Not at all. All three of these companies already have full slates of releases and have actually cut down on new IPs and iterations on their medium-sized franchises (see Nirolak's commentary on EA going from a 70-game publisher to a 25-game publisher.) All of THQ's assets are essentially redundancies for any of these publishers; they'd wind up firing most of the staff and sitting on most of the IPs, which would be a huge waste of money even at these bargain basement prices. The best two candidates I've seen mentioned in the thread are WB and Square-Enix.

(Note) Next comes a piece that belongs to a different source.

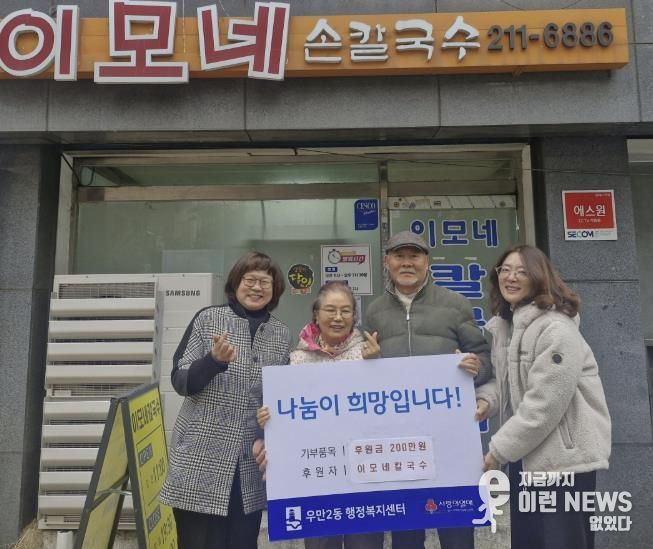 최영문 우만2동장은 “경기가 좋지 않음에도 해마다 후원을 이어오는 것이 결코 쉬운 일이 아니다”라며 “이모네칼국수의 따뜻한 나눔이 지역사회에 큰 울림을 주고 있으며, 홀몸어르신 복지 향상에 실질적인 도움이 되고 있다”고 감사의 뜻을 밝혔다.

WB has a relatively strong business going but their slate of titles is pretty thin (MK, FEAR, and Batman being their only big releases at the moment), which means they're well-positioned to take on 4-5 new major franchises and work them into their rotation. They're also the arm of a major conglomerate, so they can afford to take on a bunch of ongoing projects at once and spend the time to correctly curate and cull them without running into the same kind of cashflow issues THQ did.
Square-Enix has redefined itself as a primarily Western publisher thanks to its purchase of Eidos, but it still only has about 4-5 viable franchises in its current state, covering a very narrow genre range. Absorbing THQ would give SE a successful open-world franchise as well as teams who work in strategy and 3D action, and a nearly-finished MMO they can ship. There'd be basically no redundancy (in terms of product niches) between Eidos and THQ here, Square-Enix has already demonstrated a (kind of remarkable) ability to smoothly incorporate a Western publisher's operations into their fold, and it'd help SE achieve their goal of entering the upper echelons of Western publishers.
Past those two I'm not thinking of anyone else who'd have good reason to buy the whole package, but I might be forgetting someone, and there are a lot of people who could easily buy up the individual studios one by one -- Vigil, Volition, and Relic should all be worthwhile at the kinds of prices they'll be offered at.